**ASSIGNMENT**
A single stretch of the material below is to be transcribed exactly, starting at the line with "Руководители проекта: Моторина" and ending after the line with "Love the Wine You're With Wine".

**DATA SUPPLIED**
------

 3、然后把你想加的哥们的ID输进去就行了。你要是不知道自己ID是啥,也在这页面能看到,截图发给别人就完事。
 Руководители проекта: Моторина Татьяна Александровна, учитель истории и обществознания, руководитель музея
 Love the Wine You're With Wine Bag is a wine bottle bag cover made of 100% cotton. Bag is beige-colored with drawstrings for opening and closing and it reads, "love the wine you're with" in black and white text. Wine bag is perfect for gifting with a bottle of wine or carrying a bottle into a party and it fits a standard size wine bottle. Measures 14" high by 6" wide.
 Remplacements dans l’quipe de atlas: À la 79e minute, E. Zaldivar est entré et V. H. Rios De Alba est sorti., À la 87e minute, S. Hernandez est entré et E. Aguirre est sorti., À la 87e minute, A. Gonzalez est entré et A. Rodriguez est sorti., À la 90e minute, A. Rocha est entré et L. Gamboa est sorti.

------

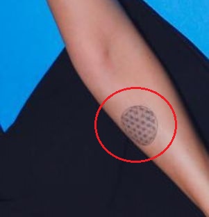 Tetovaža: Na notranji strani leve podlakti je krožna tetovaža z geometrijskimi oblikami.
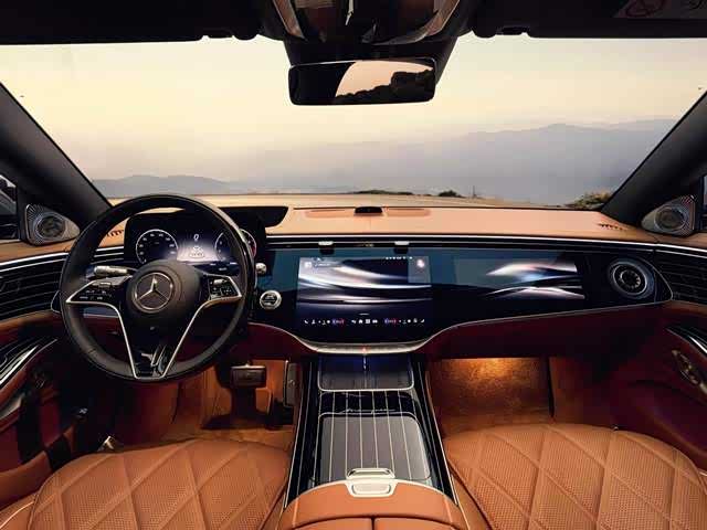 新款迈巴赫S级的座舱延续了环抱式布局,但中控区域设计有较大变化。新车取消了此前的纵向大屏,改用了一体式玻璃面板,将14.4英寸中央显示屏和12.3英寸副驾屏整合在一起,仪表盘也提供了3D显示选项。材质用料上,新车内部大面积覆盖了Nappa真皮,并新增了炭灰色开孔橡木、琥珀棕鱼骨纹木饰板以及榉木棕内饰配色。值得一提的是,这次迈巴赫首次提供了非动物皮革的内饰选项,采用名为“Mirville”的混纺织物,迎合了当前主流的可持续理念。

------

**ANSWER TO THIS EXERCISE**
 Руководители проекта: Моторина Татьяна Александровна, учитель истории и обществознания, руководитель музея
 Love the Wine You're With Wine Bag is a wine bottle bag cover made of 100% cotton. Bag is beige-colored with drawstrings for opening and closing and it reads, "love the wine you're with" in black and white text. Wine bag is perfect for gifting with a bottle of wine or carrying a bottle into a party and it fits a standard size wine bottle. Measures 14" high by 6" wide.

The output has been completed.